_Information provided:_
+ + + + + + +
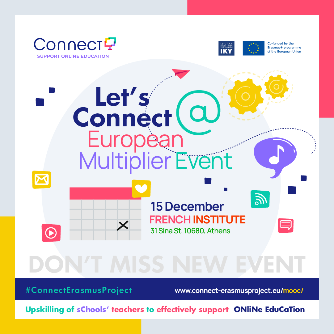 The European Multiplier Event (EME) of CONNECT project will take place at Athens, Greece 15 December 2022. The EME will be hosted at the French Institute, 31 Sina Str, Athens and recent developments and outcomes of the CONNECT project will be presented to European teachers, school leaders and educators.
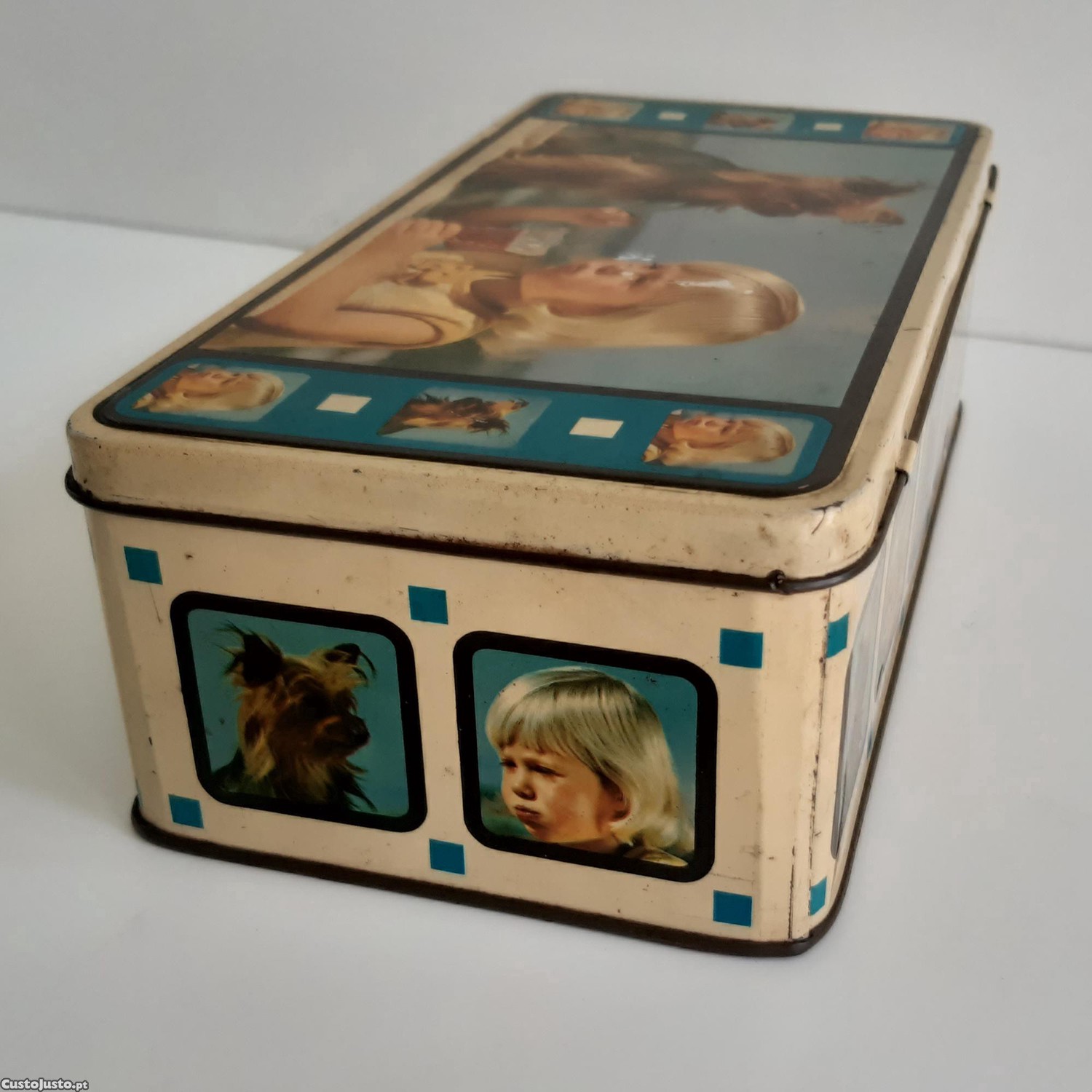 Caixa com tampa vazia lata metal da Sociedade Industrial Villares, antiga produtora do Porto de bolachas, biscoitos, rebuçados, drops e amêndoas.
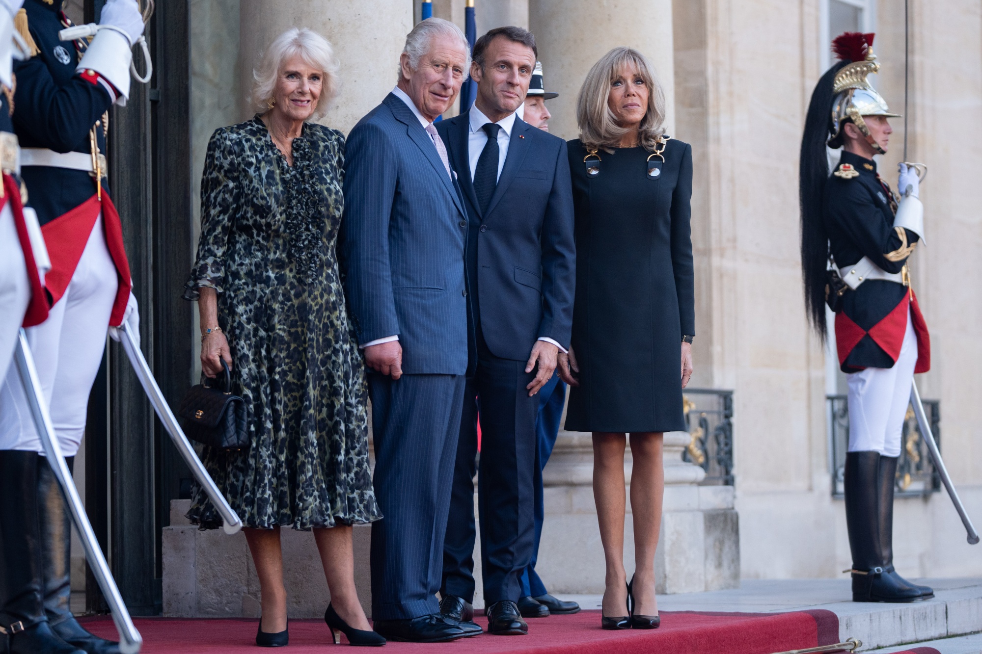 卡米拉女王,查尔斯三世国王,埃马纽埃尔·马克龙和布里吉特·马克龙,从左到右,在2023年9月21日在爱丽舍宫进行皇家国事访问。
+ + + + + + +
_Prompt:_ Print the listing again exactly as it appears, except for the pictures, which stay out.

_Solution to this task:_
 The European Multiplier Event (EME) of CONNECT project will take place at Athens, Greece 15 December 2022. The EME will be hosted at the French Institute, 31 Sina Str, Athens and recent developments and outcomes of the CONNECT project will be presented to European teachers, school leaders and educators.
 Caixa com tampa vazia lata metal da Sociedade Industrial Villares, antiga produtora do Porto de bolachas, biscoitos, rebuçados, drops e amêndoas.
 卡米拉女王,查尔斯三世国王,埃马纽埃尔·马克龙和布里吉特·马克龙,从左到右,在2023年9月21日在爱丽舍宫进行皇家国事访问。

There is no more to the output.